ATOI for this group in the 2003 first quarter was $9 compared with $7 in the year ago first quarter. The increase was due to higher volumes coupled with cost savings in the automotive businesses, partially offset by volume declines and higher raw material costs in the building products business.
15
We anticipate seasonal increases in the residential building and construction market in the second quarter. Automotive market activity is expected to remain relatively flat, but is subject to customers production schedule changes. We expect continued depressed business conditions in the telecommunications market.
Reconciliation of After-Tax Operating Income (ATOI) to Consolidated Net Income
Items required to reconcile ATOI to consolidated net income include: corporate adjustments to eliminate any remaining profit or loss between segments; interest income and expense; minority interests; corporate expense, comprised of the general administrative and selling expenses of operating the corporate headquarters and other global administrative facilities along with depreciation on corporate-owned assets; discontinued operations; accounting changes for asset retirement obligations in 2003 and goodwill in 2002; and other, which includes the impact of LIFO, differences between estimated tax rates used in the segments and the corporate effective tax rate, and other nonoperating items such as foreign exchange.

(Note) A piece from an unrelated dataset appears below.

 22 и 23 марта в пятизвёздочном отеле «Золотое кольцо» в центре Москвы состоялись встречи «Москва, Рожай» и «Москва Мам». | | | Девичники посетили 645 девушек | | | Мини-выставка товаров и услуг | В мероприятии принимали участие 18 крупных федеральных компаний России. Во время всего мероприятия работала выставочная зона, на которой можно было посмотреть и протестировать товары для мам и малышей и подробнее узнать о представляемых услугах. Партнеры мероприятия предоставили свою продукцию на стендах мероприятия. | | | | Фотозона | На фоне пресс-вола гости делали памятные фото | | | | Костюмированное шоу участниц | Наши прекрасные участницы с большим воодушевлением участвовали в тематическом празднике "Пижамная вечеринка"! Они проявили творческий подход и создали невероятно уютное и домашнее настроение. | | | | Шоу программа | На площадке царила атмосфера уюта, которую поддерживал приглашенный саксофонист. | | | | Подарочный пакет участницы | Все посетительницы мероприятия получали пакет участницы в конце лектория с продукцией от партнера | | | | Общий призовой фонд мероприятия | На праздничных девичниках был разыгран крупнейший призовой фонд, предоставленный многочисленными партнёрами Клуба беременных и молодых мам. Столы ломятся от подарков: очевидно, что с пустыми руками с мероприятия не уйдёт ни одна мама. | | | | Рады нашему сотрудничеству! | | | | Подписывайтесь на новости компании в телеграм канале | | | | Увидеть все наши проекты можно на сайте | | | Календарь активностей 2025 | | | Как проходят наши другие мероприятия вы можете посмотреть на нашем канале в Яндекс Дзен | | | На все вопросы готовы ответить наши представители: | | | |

The significant changes in the reconciling items between ATOI and consolidated net income from the 2002 first quarter to the 2003 first quarter consisted of: an increase in interest expense of $8 due to higher average debt levels resulting from acquisitions; an increase of $18 in minority interests share of income due to higher earnings at AFL, Aluminio and AWAC; a cumulative effect charge of $47 for the accounting change for asset retirement obligations under SFAS No. 143 in 2003 versus cumulative effect income of $34 recognized in 2002 for the change in accounting for goodwill under SFAS No. 142; and an increase of $12 in other primarily due to an increase in equity earnings at Elkem, offset by foreign currency translation adjustments.

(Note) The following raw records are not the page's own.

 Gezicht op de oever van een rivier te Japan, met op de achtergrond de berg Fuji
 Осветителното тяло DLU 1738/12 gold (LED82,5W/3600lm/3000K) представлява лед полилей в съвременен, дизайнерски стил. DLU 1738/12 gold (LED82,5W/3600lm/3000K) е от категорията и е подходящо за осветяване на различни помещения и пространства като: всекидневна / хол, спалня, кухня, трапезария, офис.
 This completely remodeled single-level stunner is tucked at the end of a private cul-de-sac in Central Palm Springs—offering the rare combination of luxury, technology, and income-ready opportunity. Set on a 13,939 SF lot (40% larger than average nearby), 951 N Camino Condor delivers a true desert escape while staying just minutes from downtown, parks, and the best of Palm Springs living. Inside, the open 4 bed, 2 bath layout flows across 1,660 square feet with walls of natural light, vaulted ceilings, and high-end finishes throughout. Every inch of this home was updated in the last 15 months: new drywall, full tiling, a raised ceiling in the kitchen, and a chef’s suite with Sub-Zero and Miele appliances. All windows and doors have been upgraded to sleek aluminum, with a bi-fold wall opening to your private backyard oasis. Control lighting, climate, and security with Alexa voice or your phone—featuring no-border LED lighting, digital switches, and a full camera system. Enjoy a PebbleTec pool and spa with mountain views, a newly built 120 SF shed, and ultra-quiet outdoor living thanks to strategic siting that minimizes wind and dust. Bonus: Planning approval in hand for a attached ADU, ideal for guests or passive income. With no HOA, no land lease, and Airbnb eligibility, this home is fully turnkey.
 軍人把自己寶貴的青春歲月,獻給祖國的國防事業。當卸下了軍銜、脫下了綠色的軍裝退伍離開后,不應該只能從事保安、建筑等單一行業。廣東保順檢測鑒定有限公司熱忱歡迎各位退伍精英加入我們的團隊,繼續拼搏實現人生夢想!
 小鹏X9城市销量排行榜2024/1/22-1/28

Liquidity and Capital Resources
Cash from Operations
Cash used for operations for the 2003 first quarter totaled $30 compared with cash provided from operations of $237 in the 2002 first quarter. The decrease of $267 resulted primarily from an increase in working capital requirements, as increases in receivables and inventories were the result of increased sales for the comparable periods.
Financing Activities
Financing activities provided $186 of cash in the 2003 first quarter compared with cash provided of $205 in the 2002 first quarter. The decrease of $19 is primarily due to dividends paid to minority interests of $45 in the 2003 first quarter and $49 higher net borrowings in the 2002 first quarter, partially offset by the absence of stock repurchases in 2003.
In April 2003, Alcoa refinanced its $2,000 revolving-credit agreement that was to expire in April 2003 into a $2,000 revolving-credit agreement that expires in April 2004. Additionally, Alcoa refinanced its $1,000 revolving-credit agreement that was to expire in August 2003 into a $1,000 revolving-credit agreement that expires in April 2008.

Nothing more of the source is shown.